@tuckerc surround and commentary would be the obvious ones. I also like quick-scope (highlights the best letters to jump to with f/F/t/T), targets (adds and improves some text objects) and mucomplete. I also use Ultisnips to save myself from latex-induced hand cramps :)

@dalz For whatever reason I haven't taken the time to learn surround and commentary. I think they might be the next on my list of "vim skills" to learn.

quick-scope and targets are new ones for me. I just added quick-scope and I might add targets after I learn surround and commentary.

Thanks for enlightening me!

@tuckerc Lately I am actually doing the opposite, getting rid of plugins I don' t really need/use.
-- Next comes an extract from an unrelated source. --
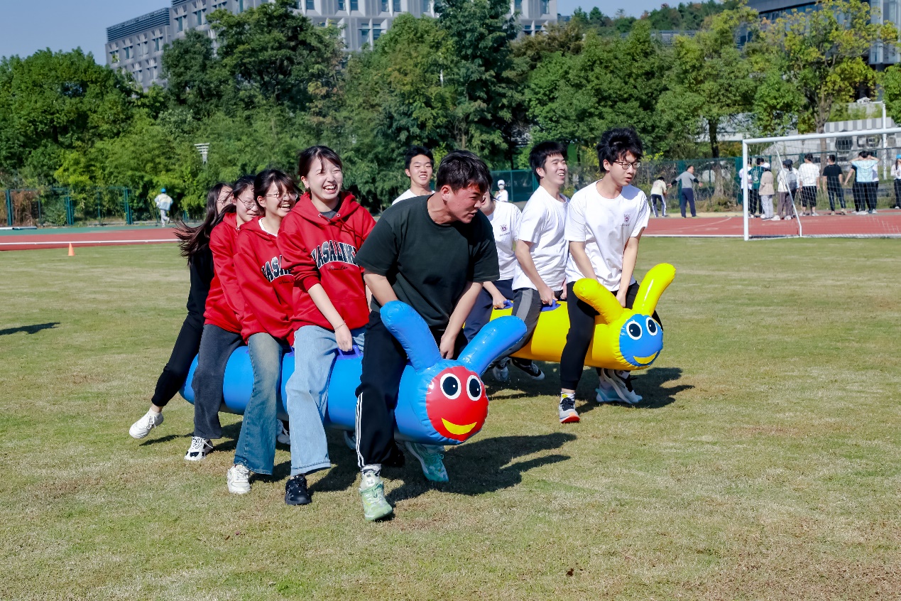 绿茵场上同样充满欢声笑语,推杆跑、毛毛虫竞速、十人十一足、跳长绳、拔河等团体项目精彩纷呈。团体中的我们或许微不足道,但整齐划一的步伐,众志成城的决心,让团体竞技更彰显来自集体和伙伴的无穷力量。

But I have to say also lately I added `mbbill/undotree`

@jb I debated on including undotree in my list. I have it installed I just don't use it as often as the other ones on my list (but it is a good tool to have when I need it).

@tuckerc Let's see how long undotree sticks with me.

@tuckerc This is v controversial but no vim install is complete for me without NERDTree

@mattrose I agree.

I have NERDTree mapped to `<leader>t` or `,t` because I use it so much. I probably should have included it in my shortlist.

Netrw works in a pinch but I find NERDTree much easier to use and more similar to most modern IDEs.

@tuckerc I actually have NERDTree set to automatically start in gvim and macvim, because that's usually the first thing I do when I open those, but <leader>t sounds a little bit better.